## What you need to do
In the material below, find the line with "750 --v 5.2" and the line with "الرومانسية On Twitter", then output those two lines and every line between them, exactly.

[[ Records provided, beginning ]]

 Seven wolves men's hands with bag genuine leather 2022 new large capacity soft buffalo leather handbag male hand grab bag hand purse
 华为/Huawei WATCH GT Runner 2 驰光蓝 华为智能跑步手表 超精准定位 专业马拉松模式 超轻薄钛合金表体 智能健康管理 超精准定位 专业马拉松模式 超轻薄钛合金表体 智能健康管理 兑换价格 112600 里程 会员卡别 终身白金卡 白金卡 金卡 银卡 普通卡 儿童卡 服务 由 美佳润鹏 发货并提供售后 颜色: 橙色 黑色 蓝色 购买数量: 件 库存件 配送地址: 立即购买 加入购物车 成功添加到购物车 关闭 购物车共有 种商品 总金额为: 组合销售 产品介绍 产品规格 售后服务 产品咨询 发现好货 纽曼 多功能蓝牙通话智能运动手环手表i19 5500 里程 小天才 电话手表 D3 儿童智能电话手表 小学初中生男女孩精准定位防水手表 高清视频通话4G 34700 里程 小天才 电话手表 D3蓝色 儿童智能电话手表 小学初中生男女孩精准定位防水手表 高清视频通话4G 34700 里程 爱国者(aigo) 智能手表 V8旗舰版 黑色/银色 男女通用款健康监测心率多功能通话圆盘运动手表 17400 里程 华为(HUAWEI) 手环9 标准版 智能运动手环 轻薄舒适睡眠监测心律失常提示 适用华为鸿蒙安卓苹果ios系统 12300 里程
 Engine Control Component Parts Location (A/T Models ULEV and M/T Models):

[[ Records provided, end ]]
[[ Records provided, beginning ]]

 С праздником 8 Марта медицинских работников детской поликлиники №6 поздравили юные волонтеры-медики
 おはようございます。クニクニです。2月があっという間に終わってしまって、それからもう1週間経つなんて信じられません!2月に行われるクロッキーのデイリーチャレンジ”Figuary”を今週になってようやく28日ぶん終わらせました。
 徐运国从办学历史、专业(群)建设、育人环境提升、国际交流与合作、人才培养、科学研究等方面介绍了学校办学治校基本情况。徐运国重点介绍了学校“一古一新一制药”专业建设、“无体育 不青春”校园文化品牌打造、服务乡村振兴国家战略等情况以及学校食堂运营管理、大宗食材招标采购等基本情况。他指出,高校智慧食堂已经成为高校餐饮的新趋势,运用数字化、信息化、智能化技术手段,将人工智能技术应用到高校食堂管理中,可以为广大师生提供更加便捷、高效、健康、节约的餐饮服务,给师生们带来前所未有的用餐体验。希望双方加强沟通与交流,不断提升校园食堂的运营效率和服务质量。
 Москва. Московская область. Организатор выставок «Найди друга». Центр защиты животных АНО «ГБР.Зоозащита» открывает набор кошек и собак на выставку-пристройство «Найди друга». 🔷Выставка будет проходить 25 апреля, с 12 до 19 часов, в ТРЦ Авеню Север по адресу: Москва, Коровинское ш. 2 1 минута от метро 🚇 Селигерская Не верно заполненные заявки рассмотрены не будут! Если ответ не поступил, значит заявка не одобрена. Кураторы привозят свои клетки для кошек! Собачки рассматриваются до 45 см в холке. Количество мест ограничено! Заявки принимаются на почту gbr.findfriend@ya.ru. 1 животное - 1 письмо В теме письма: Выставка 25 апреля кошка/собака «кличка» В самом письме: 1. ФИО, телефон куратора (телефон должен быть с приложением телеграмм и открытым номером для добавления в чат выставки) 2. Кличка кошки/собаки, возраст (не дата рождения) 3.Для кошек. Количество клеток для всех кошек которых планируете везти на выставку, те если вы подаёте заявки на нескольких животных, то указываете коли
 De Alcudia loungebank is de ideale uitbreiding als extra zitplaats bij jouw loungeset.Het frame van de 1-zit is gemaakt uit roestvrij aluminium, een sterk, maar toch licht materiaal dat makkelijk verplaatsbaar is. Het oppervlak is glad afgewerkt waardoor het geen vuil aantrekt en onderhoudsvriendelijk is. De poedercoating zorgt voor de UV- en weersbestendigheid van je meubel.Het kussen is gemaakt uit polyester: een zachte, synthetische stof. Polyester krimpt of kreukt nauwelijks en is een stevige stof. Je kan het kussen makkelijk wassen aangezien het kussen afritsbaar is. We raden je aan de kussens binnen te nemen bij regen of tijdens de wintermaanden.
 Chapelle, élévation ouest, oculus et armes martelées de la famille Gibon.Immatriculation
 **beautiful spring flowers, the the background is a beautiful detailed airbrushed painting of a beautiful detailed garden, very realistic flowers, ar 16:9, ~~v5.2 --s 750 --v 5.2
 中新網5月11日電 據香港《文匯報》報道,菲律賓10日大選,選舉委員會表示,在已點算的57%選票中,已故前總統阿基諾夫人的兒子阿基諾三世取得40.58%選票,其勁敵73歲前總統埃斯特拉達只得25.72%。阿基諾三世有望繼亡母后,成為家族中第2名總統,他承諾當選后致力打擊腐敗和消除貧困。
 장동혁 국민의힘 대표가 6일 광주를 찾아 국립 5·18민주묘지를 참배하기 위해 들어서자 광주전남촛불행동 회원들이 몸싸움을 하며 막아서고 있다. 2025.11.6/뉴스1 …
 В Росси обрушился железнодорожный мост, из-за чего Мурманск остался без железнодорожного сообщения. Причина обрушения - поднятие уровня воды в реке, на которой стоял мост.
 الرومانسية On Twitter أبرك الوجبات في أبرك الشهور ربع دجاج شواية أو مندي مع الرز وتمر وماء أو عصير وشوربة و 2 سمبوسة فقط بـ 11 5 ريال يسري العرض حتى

[[ Records provided, end ]]

## Result for this task
 **beautiful spring flowers, the the background is a beautiful detailed airbrushed painting of a beautiful detailed garden, very realistic flowers, ar 16:9, ~~v5.2 --s 750 --v 5.2
 中新網5月11日電 據香港《文匯報》報道,菲律賓10日大選,選舉委員會表示,在已點算的57%選票中,已故前總統阿基諾夫人的兒子阿基諾三世取得40.58%選票,其勁敵73歲前總統埃斯特拉達只得25.72%。阿基諾三世有望繼亡母后,成為家族中第2名總統,他承諾當選后致力打擊腐敗和消除貧困。
 장동혁 국민의힘 대표가 6일 광주를 찾아 국립 5·18민주묘지를 참배하기 위해 들어서자 광주전남촛불행동 회원들이 몸싸움을 하며 막아서고 있다. 2025.11.6/뉴스1 …
 В Росси обрушился железнодорожный мост, из-за чего Мурманск остался без железнодорожного сообщения. Причина обрушения - поднятие уровня воды в реке, на которой стоял мост.
 الرومانسية On Twitter أبرك الوجبات في أبرك الشهور ربع دجاج شواية أو مندي مع الرز وتمر وماء أو عصير وشوربة و 2 سمبوسة فقط بـ 11 5 ريال يسري العرض حتى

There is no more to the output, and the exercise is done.